Challenge, Movement

TOP 3 CORE EXERCISES

Chests lifts are a fundamental core exercise we use to activate our deep abdominal muscles, connect our breath to our movements and strengthen our core muscles. Chest lifts are the building blocks of solid and defined abs. Layering is a technique we use to progress our movements, fatigue our muscles and create change in our body. When we layer our chest lifts, we have the ability to transform a strong core into a toned core.

Here are 3 progressions to your chest lift, to make all the difference to your body. Place your small ball beneath your shoulder blades, have your knees bent and hold your head heavy in your hands, leaning back and over the ball.

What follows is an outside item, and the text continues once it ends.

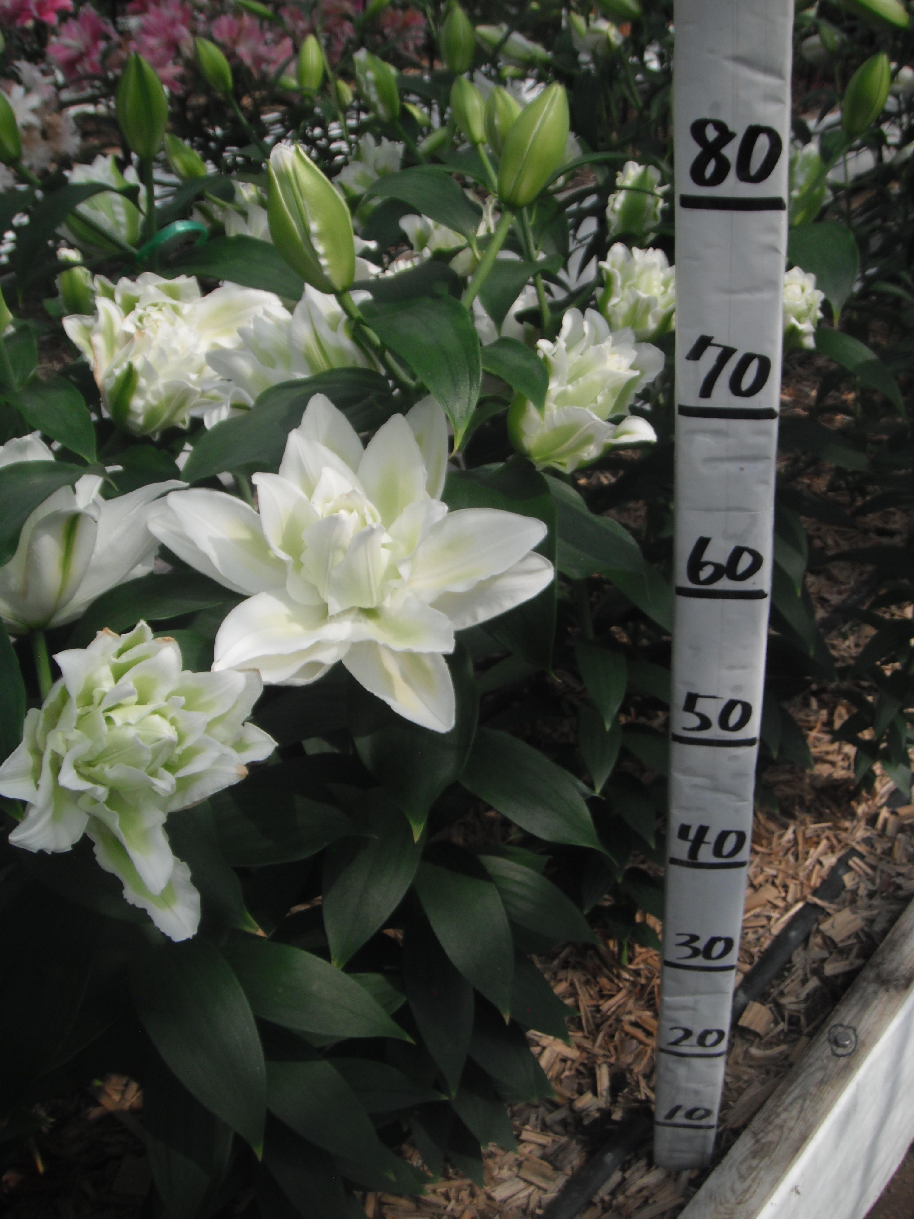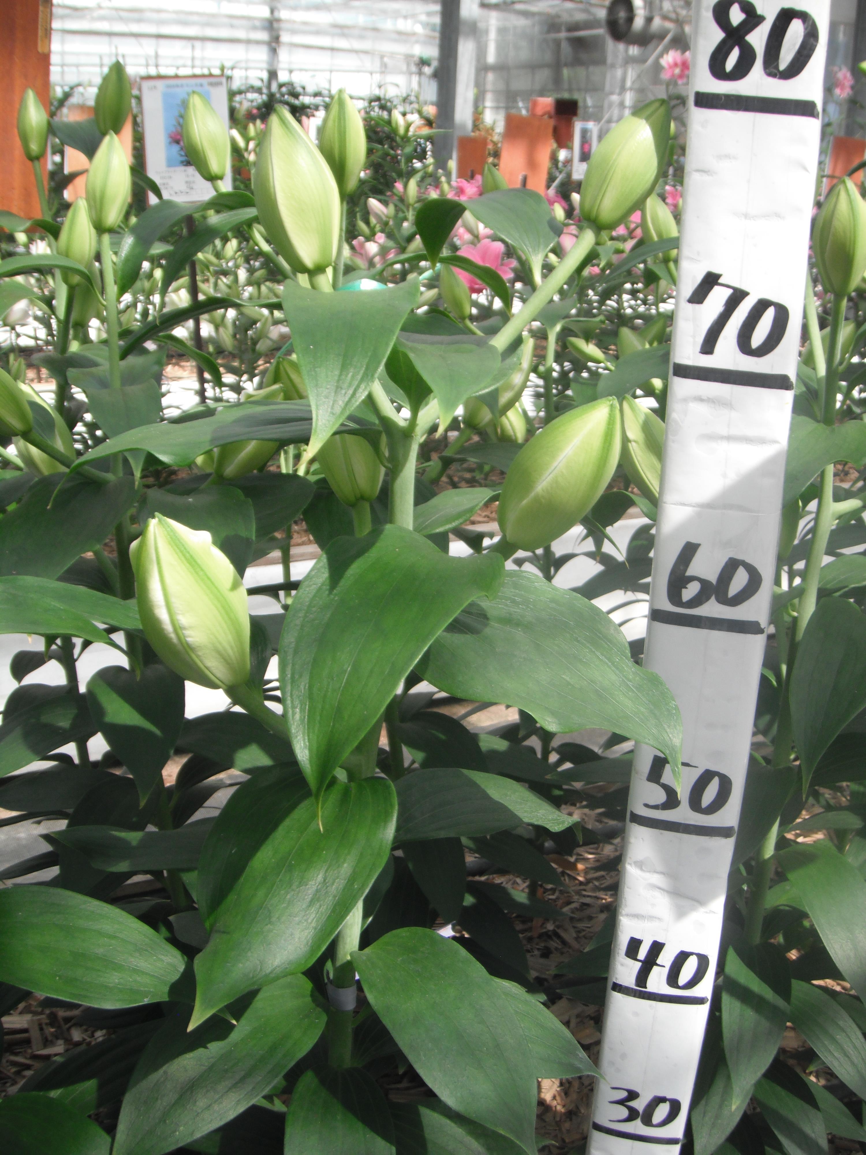 2024年NL産 促成試験 OR/花粉無し/八重 部屋5 ハンバー(八重) 2025/5/7 2025/5/13 2025/6/2 2025/6/27 2025/7/8 産地 オランダ 品名 ハンバー(八重) 英語名 Humber サイズ 16-18 リン数 最小 4 リン数 最多 6 草丈 80 到花日数 晩生 色 白 交配系統 オリエンタル 定植日 2025/4/1 開花日 2025/7/1 花直径 18 蕾大きさ 8 枝長 7.5

It is essential to maintain a neutral spine position for the duration of this sequence.

Chest Lifts in Table Top

Progressing from the fundamental chest lift position, gentle lift both legs into a table top position. Just by holding this position, you will feel a deeper connection in your abdominals. Inhale to prepare and as you exhale, lift your chest towards the ceiling as you would perform a usual chest lifts. In this position, you are working harder to engage and stabilise your core.

Repeat 3 sets of 10.

Chest Lift Hold with Toe Taps

Maintaining this table top position, this time you will hold your chest lifted, maintaining neutral spine and begin to tap your toe down towards the mat. Gentle tap the mat before drawing your knee and leg back into tabletop position. Alternate legs.

Repeat 3 sets of 10, alternating legs.

Chest Lifts with Toe Taps

Now we will combine both movements for the ultimate abdominal connection and burn. Start in a tabletop position with your head heavy, leaning back and over the ball. Inhale and take one toe down towards the mat, exhale as you tap the mat and begin to bring your leg back into tabletop, as you lift your chest up towards the ceiling. Hold everything at the top, before repeating the movement on the other leg. Your chest and legs are moving simultaneously, away from each other and then pulling together.

Repeat 3 sets of 10. Take breaks between to reset your neutral spine position. Remember to breath with each movement and allow your breath to help you reach that little bit higher, or hold for that little bit longer.